- The Raiden Network is a scalability solution for Ethereum by providing off-chain transactions.
- It offers off-chain payment channels between two parties to conduct instant and low fees transactions.
Soon after the launch of Ethereum, users started experiencing its limitations, which were reflected in the form of network congestion, high gas fees, and long processing times. Although the network boasts of its security and decentralized application, it shies away in a corner when talking about scalability. The main reason could be the unexpected users who access the Ethereum network for transactions for its more than a thousand dApps and DeFi applications.
Seeing the potential of the network and the lack of security in other alternative networks, several developers started working on developing scalability solutions for Ethereum. The most common were layer 2, which was facilitated by lifting transactions off the main chain and processing them off the chain to reduce network congestion. One such solution is the Raiden network and let’s look at what makes it different from others.
The Raiden Network
The layer 2 scalability solution can be considered similar to the lightning network for Bitcoin, with Raiden developing to be compatible with all the ERC-20 tokens. Raiden networks work by creating payment channels between parties that are bidirectional and off-chain in nature.
First, the parties need to deposit some tokens on the main Ethereum chain. This on-chain deposit becomes the collateral to facilitate transactions via the payment channel, which can support unlimited of them, provided the balance remains under the collateralized amount.
As these channels are created between just two parties and creating each still involves the main chain, it is not possible to open multiple channels between multiple users. Thus, the Raiden network allows any two parties, not connected directly, to still transfer funds if somehow they are connected indirectly in the Raiden network.

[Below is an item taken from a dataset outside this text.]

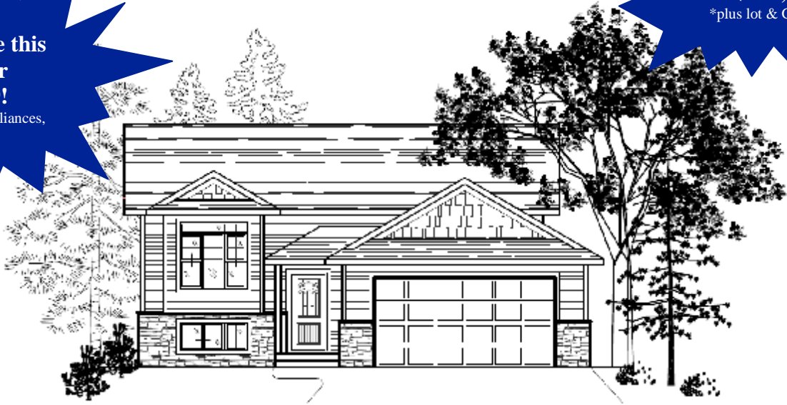
33 EASTPOINTE DRIVE, BLACKFALDS 1242 SQ. FT. BLEVEL

Purchase this Home for $352,449! *includes appliances, lot & GST*

The payment channel has a definite lifecycle and to prevent the issue of double spending, the users must first lock their tokens in a smart contract. Now, after the channel is created, the participants can engage themselves in multiple transactions being done back and forth, which may at times also involve the rebalancing of the channel.
A balance proof, digitally signed by parties, contains all the sums of transfers within the channel and a copy is provided to both participants. If any party decides to close the channel and withdraw their money, which can be done anytime, they can provide a copy of the balance proof to the smart contract. The other party can provide theirs too, and upon receiving them, the smart contract will distribute the tokens accordingly.
The Ethereum network charges a gas fee for any transaction, which depends on the current status of the network. It is irrespective of the amount to be transferred, which makes only large to medium transactions optimal. Raiden, however, charges no gas fees for facilitating transactions, which makes it best suited for micropayments.
The time to process on-chain transactions mainly depends on block time and the picking up of your transaction from the pending pool by the miners. In the Raiden network, however, the transaction can be confirmed in an instant, similar to sending messages. Moreover, despite the increasing user base, most networks have a fixed capacity, which causes a serious issue of scalability. The capacity of the Raiden network is designed to increase linearly with the number of users, producing a truly scalable and decentralized network.
As any user will be maintaining several payment channels at any time, it is not possible to deposit large amounts in smart contracts. Thus, although efficient, the network is best for transferring low amounts and large amounts should still be done on-chain. Ethereum has seen multiple use cases in recent years owing to its unique features and it is bound to grow in the future. Such a scalability solution can facilitate it by reducing network congestion and improving its scalability.